The thesis of "Global Feminisms" is summed up by its title. Unlike old-school '70s-style feminism, which was preoccupied mainly with the concerns of white, middle-class, North American and Western European women, the show speaks to the situations of women from all parts of the world, including Africa, Asia, and South America, and it presents works by women of many different races and ethnicities.

As the pluralized word "feminisms" suggests, the show also recognizes that feminism is not just one monolithic movement; it can have different meanings for women living in different geographical, political, social contexts.

In a print by Kara Walker depicting the silhouette of a black woman holding aloft a white woman whose voluminous white gown resembles a bale of cotton, the circumstances of black women in America are seen as inextric- ably connected to the history of slavery.

Skillfully realized in traditional Indian miniature style, a painting by Boston-based artist Ambreen Butt depicts the artist in a sweatsuit wielding a sword and calmly taming a dragon and two comically ugly demons.
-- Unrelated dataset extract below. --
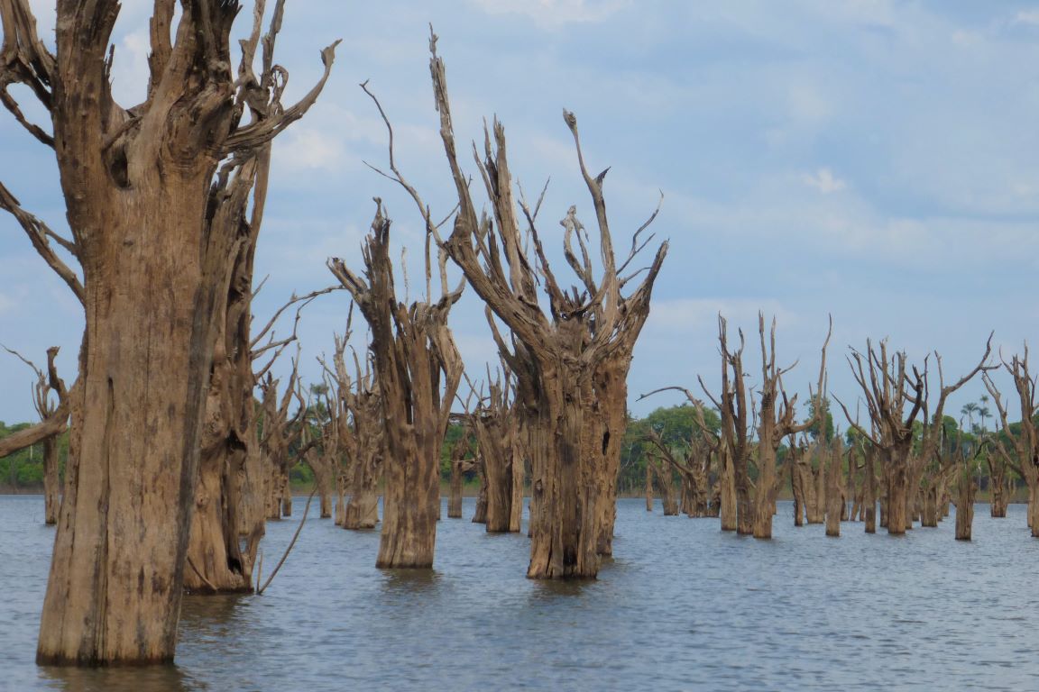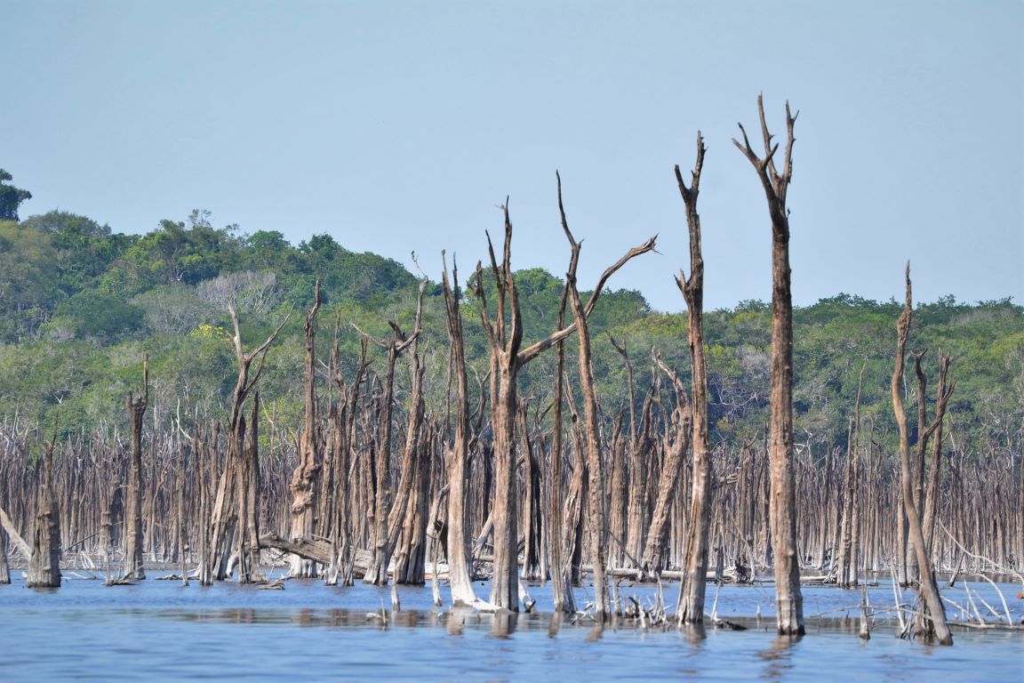 A construção de uma hidrelétrica envolve estudos de impacto ambiental, mas via de regra, são observados apenas os impactos da área que será alagada, acima da barragem, e não como a construção pode impactar o rio como um todo. O impacto rio abaixo, entretanto, foi visível e chamou a atenção da equipe de pesquisadores do Inpa, que constatou os enormes paliteiros no leito do rio, como são chamados as áreas onde troncos nus de árvores mortas formam verdadeiros cemitérios fluviais. “Os estudos prévios que são feitos antes de instalar uma hidrelétrica nem sequer contemplam essa parte a jusante da barragem e a maioria dos estudos científicos também só aponta os efeitos da hidrelétrica acima da barragem. Nós decidimos estudar os efeitos na parte abaixo da barragem porque era visível ao percorrer o rio a quantidade de árvore morta”, descreve Angélica. “Em toda essa parte a jusante, a gente não tem uma noção exata do tamanho do dano que a hidrelétrica causa. Estamos só começando a entender isso”.

Born, raised, and educated in Pakistan, Butt seeks her own self-empowering identity in the confluence of diverse tensions: between East and West, traditionalism and postmodernism, localism and internationalism, and myth and reality.
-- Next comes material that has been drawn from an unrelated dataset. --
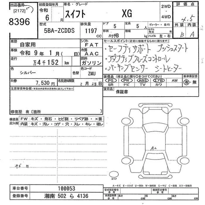 Suzuki SWIFT с аукциона Японии JU Tokyo лот № 8396

Some viewers may find a few of the exhibition's works discomfiting. In a video by Sigalit Landau the naked artist herself does the hula hoop with a ring of barbed wire. A large, expressionistically painted canvas by Jenny Saville offers a full-frontal portrait of a nude hermaphrodite.

Some pieces are funny: see, for example, Hiroko Okada's photograph "Future Plan #2," which depicts two grinning young men in underwear who appear to be seven or eight months pregnant.

Whether comical, angry, sexy, or weird, if these and other works in the exhibition ignite impassioned debate, the show will have accomplished its mission.